New Years has passed. Saddam & George are continuing their ‘pissing contest’ while the rest of us are checking our umbrellas. While Marines are sweating in the desert, the rest of us are ‘in the freezer’ and the Winter Doldrums have set in. Or is it ‘Cabin Fever’ ?

The typical indicators are the complaints about it being too cold to work in the shop, problems with epoxy/paint curing, and interminable discussions of minutia. Wave Ratios, ‘hull speed’ {1.34 x LWL} discussions with pages of accompanying mathematics, and ballast-to-scale calculations for model boats.

My guess is that it’s something to do with the amount of daily sunlight we absorb. Getting started on these dark mornings is certainly tough for me. Especially since I’m a Pack Rat and keep stumbling over the piles. It gets like this every couple of years. Each time I decide to ‘shovel out’ and SWEAR to keep it under control . . . Yeah, RIGHT !! Sometimes it’s like an archeological dig - it’s amazing what surfaces.

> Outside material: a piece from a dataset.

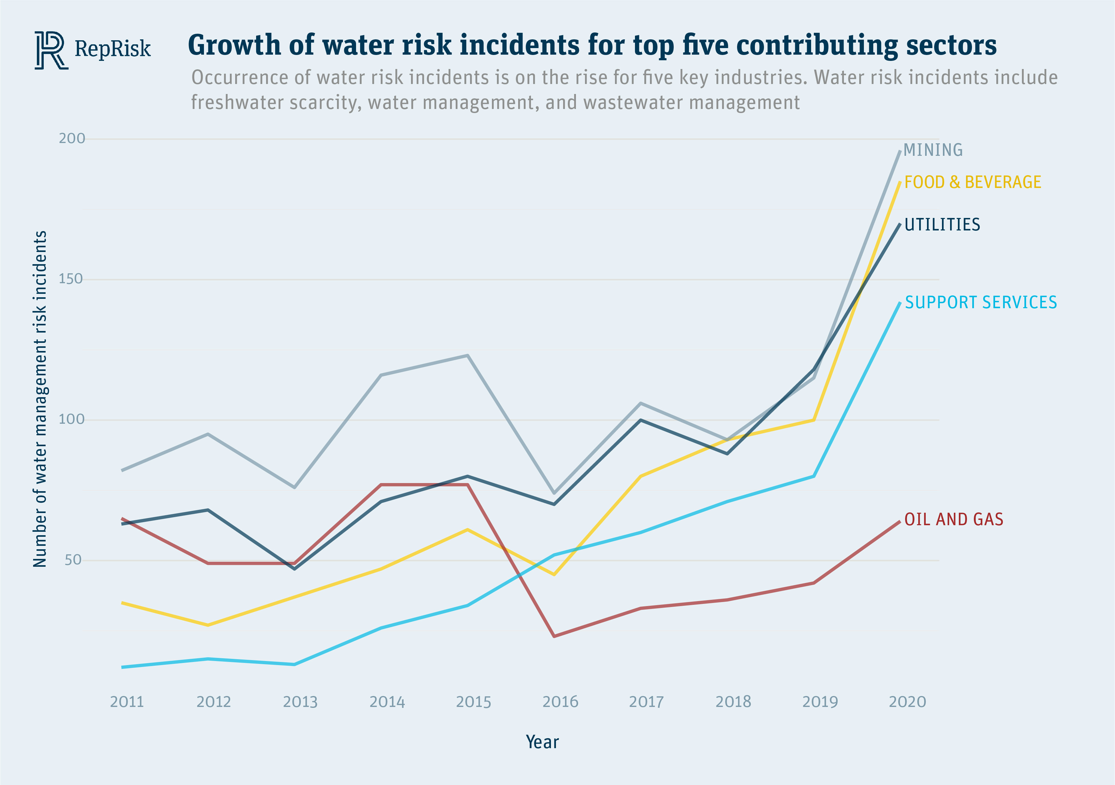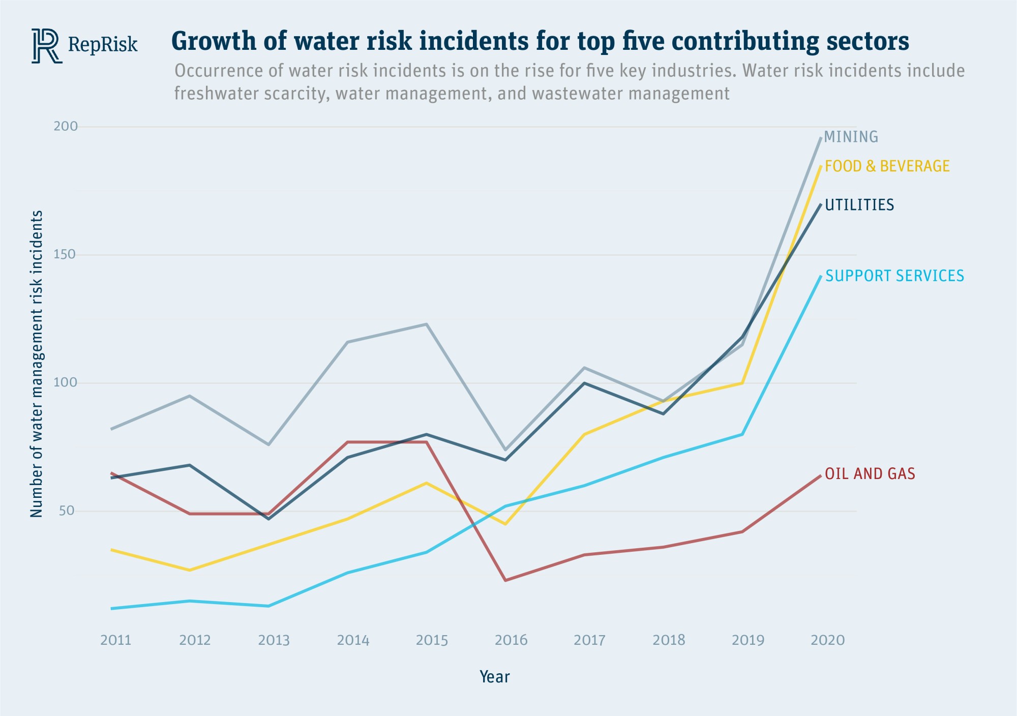 Fig1: Growth of water risk incidents for top five contributing sectors
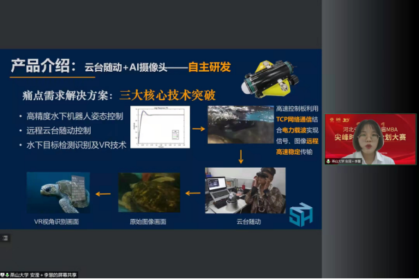 经过省赛选拔,我校燕山智控团队的《智慧云平台控制系统——面向流程工业的智能协同优化》、海智科技团队的《鹦鹉螺——沉浸式水下探索》项目晋级到决赛线上展示环节。在比赛中,各校参赛代表对各自的企划项目进行全方位展示,并通过项目介绍、答辩等环节进行比赛。虽然比赛搬到了线上,但各参赛代表们以充分的准备、饱满的激情和十足的自信赢得了评审专家们的好评。

Anyhow, I found a set of plans for a wooden ‘tissue box’ with a scroll sawn insert. Being of a ‘nautical sort’, I felt a piece of scrimshaw would look better. While investigating sources of Ivory substitutes I came across a double-spread photo of: “Floating Egg” 1969-1970 {a sculpture by Herbert Distel. A 10-foot high fiberglass egg . . . “Launched from the Canary Islands, the ‘egg’ arrived in Trinidad six months later, commemorating the first solo transatlantic crossing of an ART OBJECT”

Oddly enough, at the same time one of the ‘best hull form’ threads ‘degraded’ into the effectiveness of the ‘barrel shape’ and from there into barrels, long drops, and sudden stops. Then it became how far could you go in one.

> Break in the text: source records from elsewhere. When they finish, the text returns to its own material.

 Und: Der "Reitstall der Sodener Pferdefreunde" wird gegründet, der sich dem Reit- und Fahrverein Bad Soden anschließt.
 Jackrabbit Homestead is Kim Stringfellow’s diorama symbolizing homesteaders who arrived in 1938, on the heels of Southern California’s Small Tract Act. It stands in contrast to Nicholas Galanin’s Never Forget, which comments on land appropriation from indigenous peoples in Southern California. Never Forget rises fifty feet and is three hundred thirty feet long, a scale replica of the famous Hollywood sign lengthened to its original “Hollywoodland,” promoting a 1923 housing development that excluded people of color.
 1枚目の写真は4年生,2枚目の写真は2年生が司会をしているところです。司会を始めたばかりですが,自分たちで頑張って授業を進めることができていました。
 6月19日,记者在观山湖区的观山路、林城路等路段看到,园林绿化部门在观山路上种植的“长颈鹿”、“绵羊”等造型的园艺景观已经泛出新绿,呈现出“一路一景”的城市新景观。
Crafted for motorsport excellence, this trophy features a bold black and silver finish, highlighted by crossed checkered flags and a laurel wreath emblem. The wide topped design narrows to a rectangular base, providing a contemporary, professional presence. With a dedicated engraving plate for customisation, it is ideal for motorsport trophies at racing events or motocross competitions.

Well, girls & guys, it’s been done. The ‘Voyage of the Egg’ proved something that a lot of us already know; a small vessel can handle MORE than it’s CREW can.

It also proved to me that I should stop calling myself a ‘boatbuilder’ and instead say, “Artiste”. That adds about two zeros to the left of the decimal point.

Got to go now, Joanne wants me to continue ‘practicing my art’ replacing the old hall trim with ‘Faux Mahogany’ and varnishing the floor.

I wonder if this is how Nakamura started out?